50The multiple and varied assaults of your victim in her own home, of sufficient force to cause her rib to fracture and clearly identifiable bruising, took place over a period of some three hours.  I have already mentioned the disparity in size and strength between you and the victim and her vulnerability because of a painful back condition.  All of these factors make both Charge 4 and Charge 5 of, at least, midline gravity for those types of cases.  Your threat to burn down the victim’s house and kill the victim while inside, coming on top of the earlier assaults and with the capacity to carry out that threat, by reason of the possession of a jerrycan of petrol, the lighter and firelighters, were very real threats.  They are serious examples of such charges, above the midline of gravity.  Your possession of these items shows planning on your part.  You wanted the victim to be afraid and to feel your sense of power and control, and your actions have had serious longstanding adverse impacts upon the victim’s psychological wellbeing.  Your moral culpability on all four charges is high.

51In all the circumstances, there is no appropriate sentence to adequately reflect the seriousness of your offending other than a term of imprisonment with a head sentence and non-parole period.  Your counsel submitted that you should be given a Community Corrections Order.  I consider that such a disposition would be manifestly inadequate.  However, I am conscious that you appear to be a person who is now quite isolated and will need support and supervision to re-establish yourself in the community after a period of incarceration.  This has caused me to set the non-parole period which I intend to impose.

52Totality is an important sentencing consideration, given that all the offending of which the jury have found you guilty occurred over the same timeframe.  In particular, there is an overlap in the factual basis of Charges 7 and 12.

53On Charge 4, causing injury recklessly, you are convicted and sentenced to be imprisoned for a period of 3 years.

54On Charge 5, common assault, you are convicted and sentenced to be imprisoned for a period of 2½ years.

55On Charge 7, making a threat to destroy property, you are convicted and sentenced to be imprisoned for a period of 2½ years.

56On Charge 12, making a threat to kill, you are convicted and sentenced to be imprisoned for a period of 5 years.

57The base sentence is that of 5 years imposed on Charge 12.  I order that 1 year of the sentence imposed on Charge 4, 9 months of the sentence imposed on Charge 5, and 6 months of the sentence imposed on Charge 7 be served cumulatively upon the sentence imposed on Charge 12 and upon each other.  The total effective sentence is thus 7 years’ and 3 months imprisonment.  I direct that you serve a period of 3 years’ and 9 months imprisonment before becoming eligible for parole.

58I declare a period of 90 days’ pre-sentence detention to be time reckoned as already served under the sentence imposed this day.

59On Indictment No.
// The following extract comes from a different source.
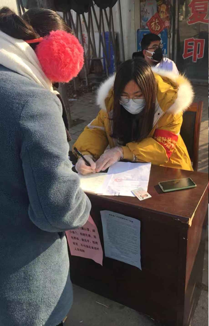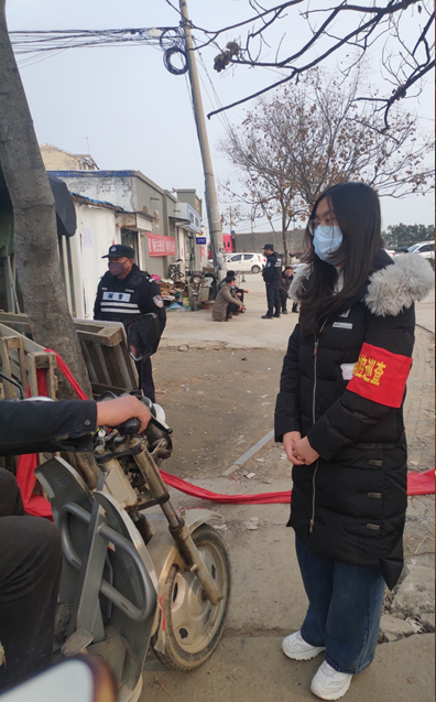 “您好,现在是新型冠状病毒疫情严重,您现在外出又被感染的危险,请您配合防控工作,返回家中,也是为了您家人的健康!”这是学院通信信号员工党支部本科生党员胡文慧在徐州市沛县朱寨镇闫集社区参与疫情防控志愿者服务中最常说的一句话。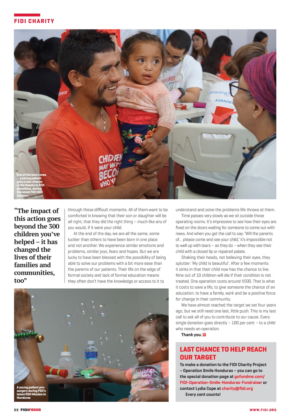 F ID I C H A RI T Y XXXXXXX One of the lucky ones ... a young patient gets a new chance at life thanks to FIDI donations, during the latest FIDI OSH mission The impact of this action goes beyond the 300 children youve helped it has changed the lives of their families and communities, too through these difficult moments. All of them want to be comforted in knowing that their son or daughter will be all right, that they did the right thing much like any of you would, if it were your child. At the end of the day, we are all the same, some luckier than others to have been born in one place and not another. We experience similar emotions and problems, similar joys, fears and hopes. But we are lucky to have been blessed with the possibility of being able to solve our problems with a bit more ease than the parents of our patients. Their life on the edge of formal society and lack of formal education means they often dont have the knowledge or access to it to understand and solve the problems life throws at them. Time passes very slowly as we sit outside those operating rooms. Its impressive to see how their eyes are fixed on the doors waiting for someone to come outwith news. And when you get the call to say:Willtheparents of please come and see your child, its impossible not to well up with tears as they do whenthey see their child with a closed lip or repaired palate. Shaking their heads, not believing their eyes, they splutter: My child is beautiful. After a few moments it sinks in that their child now has the chance to live. Nine out of 10 children will die if their condition is not treated. One operation costs around $500. That is what it costs to save a life, to give someone the chance of an education, to have a family, work and be a positive force for change in their community. We have almost reached the target we set four years ago, but we still need one last, little push. This is my last call to ask all of you to contribute to our cause. Every single donation goes directly 100 per cent to a child who needs an operation. Thank you. LAST CHANCE TO HELP REACH OUR TARGET A young patient presurgery during FIDIs latest OSH Mission in Honduras 22 FF290 pp20-23 Charity.indd 22 To make a donation to the FIDI Charity Project Operation Smile Honduras you can go to the special donation page at gofundme.com/ FIDI-Operation-Smile-Honduras-Fundraiser or contact Lydia Cope at charity@fidi.org Every cent counts! WWW. F I D I . OR G 13/03/2019 11:36

N12105043.2B, on Charge 1, damaging property, you are convicted and sentenced to pay a fine of $400.

60Upon your conviction on Charges 4, 5, 7 and 12, and upon being satisfied that the property referred to in the Schedule is of negligible value and that it was used or intended to be used in connection with the commission of the offences, I order, pursuant to s 78(1) of the Confiscation Act 1997, that such property be forfeited to the State and further direct that it be placed in the custody of the Chief Commissioner of Police and be held until 28 days from this date, or the conclusion of any appeal proceedings where it may be tested, and or analysed, and then destroyed. This relates to the knife, Nike water bottle, black dress and Bic lighter packaging.